# Night Vision Scopes



## dbodkin (Apr 22, 2009)

Anybody have experience/owned  a night vison scope. Gen 1 from either ATN or Yukon?  How did they perform? Do  you have one now?  Any dealers close to Cumming?


----------



## BornToHuntAndFish (Apr 23, 2009)

The forum's JAGER has extensive experience in the military & night hunting of hogs using night vision & thermal imaging optics, scopes, and cameras, while being very successful this type of gear.  Learn more at his web site:  

http://www.jagerpro.com/ 


Good luck in whatever you decide.


----------



## patton72 (Apr 23, 2009)

*Scopes*

Need to remember too.  Theres night vision and theres thermal.  Night vision are much cheaper.  Thermal-  well i cant afford one but i wished i could.  There the best.


----------



## dbodkin (Apr 23, 2009)

Thermal  is way out of my budget.  I am looking at only GEN1 or possibily GEN2 night vision.  Even the low end stuff GEN1 is  pretty expensive. Just looking for inputs if anyone has used GEN1 scopes.


----------



## holton27596 (Apr 23, 2009)

I have been pleased with my yukon.


----------



## davis211 (Apr 24, 2009)

I have an older NAIT Viper Gen 3 - LOVE IT!  Gen 3 is awsome compared to gen 1 - haven't used a gen 2.


----------



## Cornelia_Hiker (Apr 24, 2009)

Just look over all NVS's on ebay. Every brand, shape and style...and price...you can imagine. But this will give you a great idea of what's out there and what you can expect to pay. 

Good luck


----------



## sghoghunter (Apr 24, 2009)

Have a gen 1 and have used a gen 3 and dont waste ya money on the gen 1.Save ya money and get you a thermal its well worth the money.


----------



## dbodkin (Apr 24, 2009)

sghoghunter said:


> Have a gen 1 and have used a gen 3 and dont waste ya money on the gen 1.Save ya money and get you a thermal its well worth the money.
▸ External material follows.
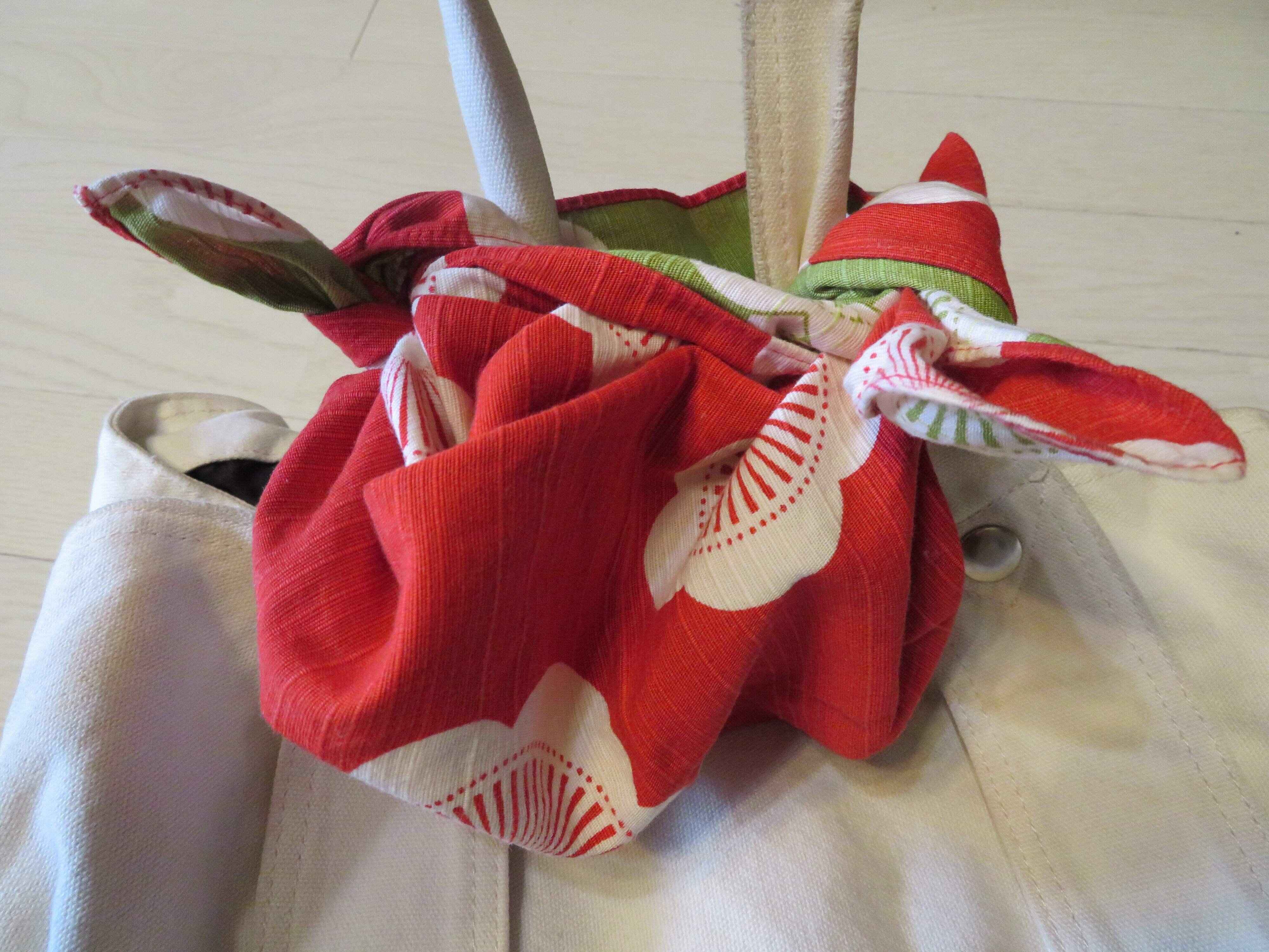 ふだんは手ぬぐいをバッグの飾りにしておいて、必要があれば袋になるようつけかえるのなら楽なはず。

Thanks for the advice but cant justify $10-15K for a scope..   What is the biggest issue with a Gen I?  Clarity? Range?  Really wish I could see and test one locally...


----------



## gatorbob (Apr 25, 2009)

*night vision*

I have  an ATN NV-360  (monocular) Gen 1. The biggest issue is $. Substantial price difference between genrations. Also image quality, range etc. Mine has an infared illuminator which helps in very low lite conditions (no moon) Also comes with a doubler to increase range. Overall, its adequate but don't expect to much. Iv'e never used the next generation so I have no basis for comparison other than what I have heard.


----------



## BornToHuntAndFish (Apr 28, 2009)

dbodkin said:


> Thermal  is way out of my budget.  I am looking at only GEN1 or possibily GEN2 night vision.  Even the low end stuff GEN1 is  pretty expensive. Just looking for inputs if anyone has used GEN1 scopes.
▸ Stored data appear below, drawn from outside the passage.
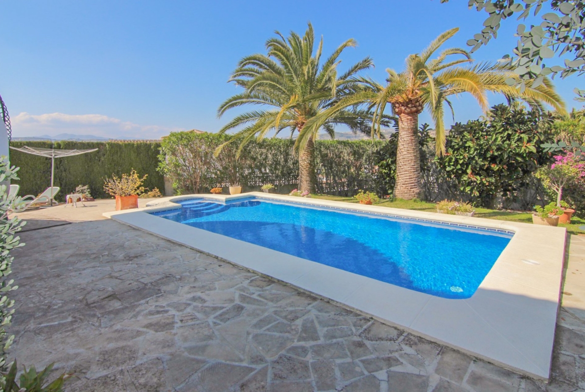 This fully detached villa occupies a generous sized, level plot and enjoys panoramic views across the Moraira Valley. Located approx. 3km from Moraira centre and within 1km of supermarket, restaurant and bar. The accommodation on the main level includes two bedrooms, two bathrooms, a good-sized lounge, enclosed Naya and kitchen. Within the under-build is a self-contained apartment with bedroom space, seating area, kitchenette and shower room. There is further under-build space providing storage and workshop areas that could be converted to further bedroom/living space. The 8x4m pool is totally private and there is parking for 3/4 cars including a carport. The house is double glazed and has gas central heating throughout (including the under-build).
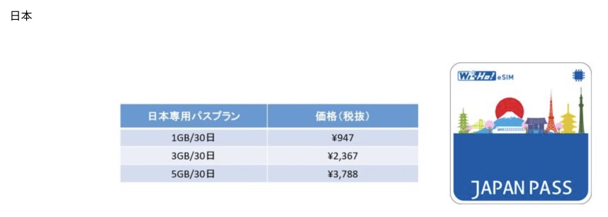 ▼最後は日本向けのパス。こちらは1GB/30日/947円〜となってます。↓
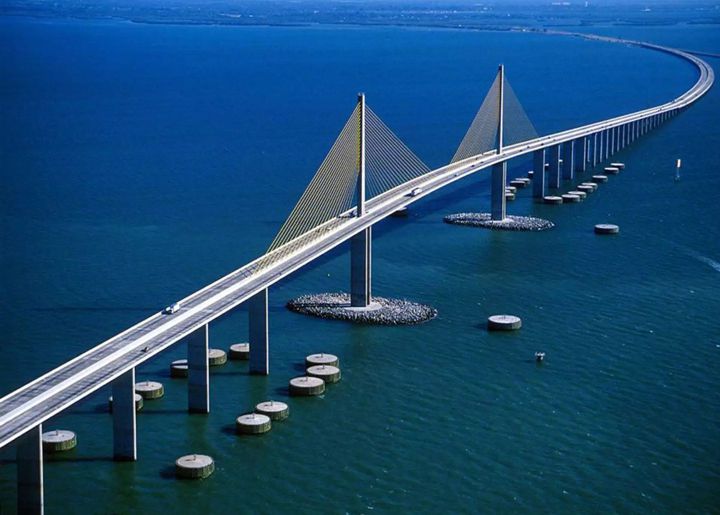 По его словам, в некоторых мостах используется несколько систем, например, в Sunshine Skyway Bridge, у которого есть как искусственные острова, так и «дельфины», защищающие его пилоны, говорит он.

In case you did not see it, Jager gave us great info on NightVision scopes in the forum's Hog Hunting section on Post #3 at:  

http://forum.gon.com/showthread.php?t=341056


----------



## dbodkin (Apr 28, 2009)

Thanks for the  link to Jager's info .. Interesting stuff.. I'm looking into an Elcan Day/Night digital scope  as well...


----------



## gobblingghost (Sep 18, 2009)

I had one several years ago. I think it was a AMT Gen 1+. I found mine in a pawn shop.


----------



## sniper13 (Nov 17, 2011)

I need another NV Monocular. My Nightowl, gen 1 died after only18yrs. Guess they don't make things like they used to.


----------



## whchunter (Dec 26, 2011)

*Sight-In*

Do you sight in these scopes just as you would a normal scope?  I see you can use them in daylight as well as night.


----------